After our light breakfast, it was off to the Santa Cruz Beach Boardwalk where the beer flows like wine and where the Hell's Angel's instinctively flock like the wild salmon of Capistrano. They have approximately 9,000 different food carts/booths and every type of carny food you can imagine, served by real-life 150 year old carnies and their toothless predecessors.
I was overcome with feelings of unbridled joy when I found out there are no open container restrictions along the boardwalk. I promptly purchased the closest 24 ounce Bud Light, poured it all over my body, smashed the can on my forehead, let out a war cry, and ordered a round for a group of questionably homeless patrons and some fourth graders.
DEEP FRIED OREOS! Since we've met, I only think of them on two occasions and that's DAY and NIGHT. Actually according to Dailyplate.com, they are pretty low-cal...only 80 calories each! Am I right or am I right??
ROASTED CORN! There is nothing more refreshing and satisfying for my teeth and gums than some roasted corn on the cob! Lather these in butter and I'll have kernels permanently wedged between my teeth within 5 seconds of the carny handing it to me.
But in Santa Cruz, they do NOT play...they stay stacked with the ELOTE condiments! You build your own damn elote, leaving your cheesyass destiny in your own hands. It alllll starts right here, at the MAYO pump. I gave it a good 80 pumps until the carpal tunnel started to act up.
All you need right here: parmesan cheese, cayenne pepper, chili sauce, salt, pepper...THE WORKS! Actually you can't see the parmesan cheese in this picture because my homie, Gabby was probably molesting it somewhere.
This is Gabby's elote...notably more cheesy than my own.
And this belongs in some sort of a Mexican art museum somewhere. If anyone knows of any, holla at ya girl cause I have a shitload of potentially prize winning Mexican food photographs.

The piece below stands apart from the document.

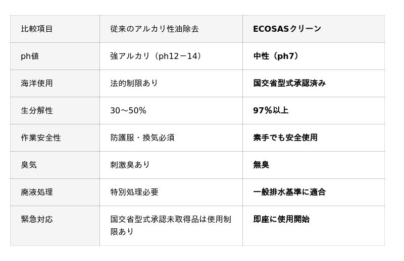 従来の強アルカリ性油除去剤では不可能だった「作業安全性・環境保護・洗浄効果」の三位一体を実現し、「危険で使えない洗浄剤から、安全で使いたい洗浄剤へ」のパラダイムシフトを起こしています。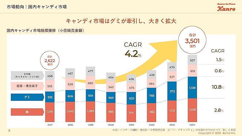 カンロによると、国内人口は縮小しているものの、グミの喫食人口は拡大しており、グミ市場の競争は激化傾向にあるという。

SMORES! I didn't know this delicacy propelled itself into carny food world, but it makes tons of sense, its delicious, bad for you, and you could probably easily make this for yourself for a fraction of the price. But everyone knows that food tastes better when its prepared by the hands of a carny.
Popcorn is a must and they're like negative calories because after all, its just air.
A jumbo pickle. Funny, cause I found myself in a jumbo pickle the next day when I found out that my jeans no longer fit around my fat ass.
CORN DOGS AND CHICKEN TENDERS! Corn dogs are vital to the carny experience. I was planning on getting a foot long corn dog, but it was already the end of our two hour run at the Boardwalk and I didn't want my arteries to explode in public.
So after all that, we found that we still were not full and so, we went to eat pho at some place in Oakland. It was decent. Also, after partying that night, we found ourselves in line at the Jack in the Box drive thru.
And so at the end of the day, I was channeling a different kind of Carny...
(Pre-Op, folks. Not Post)
Comments
Where did you find such a wonderful way to add another layer to your back side?
I wish I knew so I could add it to my layers.